Judul : Kambing & Hujan
Penulis : Mahfud Ikhwan
Editor : Achmad Zaki
Penerbit : Bentang Pustaka
Cetakan I : Mei 2015
Tebal : vi + 374 halaman
ISBN : 978-602-291-027-5
Di awali dengan drama cinta antara Mif dan Fauzia, saya sempat menyangka bahwa novel ini menceritakan kisah klasik ala Romeo Juliet. Lanjut membaca ke halaman berikutnya saya menemukan lapisan demi lapisan cerita yang dikupas perlahan, menarik sekaligus membuat penasaran. Ternyata novel ini tidak berkisah tentang cinta belaka. Kisah cinta antara Mif dan Fauzia yang diceritakan didepan seolah sebuah gerbang untuk menelusuri sejarah panjang nan rumit tentang masyarakat Tegal Centong, khususnya dalam hal beragama. Dan yang tak kalah menarik adalah kisah persahabatan Moek dan Is, tokoh yang mengambil peran penting dalam perkembangan agama Islam di tegal centong, sekaligus ayah dari Fauzia dan Mif.

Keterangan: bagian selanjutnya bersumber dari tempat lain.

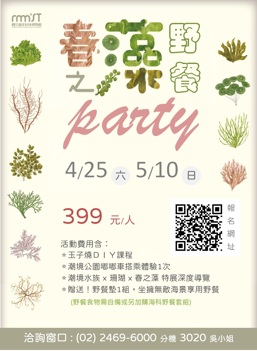 399元/人 (含親子手作、特展參觀、潮境穿梭號嘟嘟車體驗,另加贈野餐墊一組)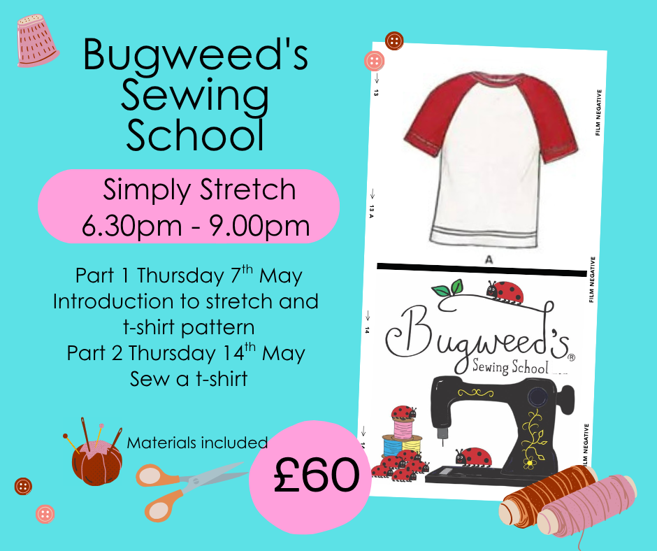 Bugweed's Limited Bugweed's Limited, Unit 3, Marrtree Business Park, Stirling Road, York, North Yorkshire, United KingdomPlease note this is a two part workshop. Part 1 Thursday 7th May 6.30pm - 9.00pm Part 2 Thursday 14th May 6.30pm - 9.00pm One payment covers all sessions and materials and pattern is included. Part 1 Thursday 7th May 6.30pm - 9.00pm The first session of this Simply Stretch sewing course will focus on […]

Fauzia dan Mif bertemu pertama kali di dalam bus menuju Surabaya. Sama-sama tinggal di Tegal Centong, tidak membuat Fauzia langsung mengenali Mif. Fauzia baru mengingat Mif setelah dia mengenalkan nama dan alamatnya, juga identitasnya sebagai anak utara. Dari sana obrolan mulai mengalir hingga mereka bertukar alamat surel. Perkenalan mereka berlanjut ketika Mif mengirimkan surel yang meminta pendapat Fauzia tentang esai yang ditulisnya. Tanpa meminta persetujuan, Fauzia mengirimkan esai itu ke sebuah surat kabar dan akhirnya dimuat. Singkat cerita hubungan mereka berlanjut menjadi hubungan asmara hingga keduanya memutuskan untuk menikah dan harus meminta restu kepada orang tua masing-masing. Dari sanalah cerita sesungguhnya dimulai.
Mif dan Fauzia menyadari perjuangan mereka untuk meminta restu tidak akan mudah mengingat perbedaan yang ada di antara mereka. Mif adalah anak Centong Utara sedangkan Fauzia anak Centong Selatan. Orang Centong Selatan adalah penganut Islam tradisional, sedang orang Centong utara adalah penganut Islam pembaharu. Terlebih lagi karena orang tua mereka adalah tokoh yang disegani, yang berasal dari dua kubu yang berbeda tersebut. Keberanian mereka untuk meminta restu akhirnya mengungkap cerita sejarah panjang orang tua mereka yang tidak sekedar 'berbeda'.
Di masa kecilnya, Moek dan Is adalah sahabat yang kental. Mat sering mengikuti Is menggembalakan kambingnya. Merekapun punya tempat rahasia, bernama Gumuk Genjik, dimana mereka biasa menggembalakan kambing-kambingnya sambil berbincang akrab. Mereka mulai berpisah ketika Moek memutuskan untuk mondok, sedangkan Is yang tidak bisa melanjutkan pendidikan, memutuskan untuk belajar agama secara otodidak melalui kitab-kitab yang dibelinya juga dengan gurunya Cak Ali. Jika pulang dari pondok Moek selalu menemui Is, mereka saling bertukar kabar dan perkembangan masing-masing, juga berdebat tentang berbagai permasalahan agama dengan pandangan mereka yang mulai berbeda.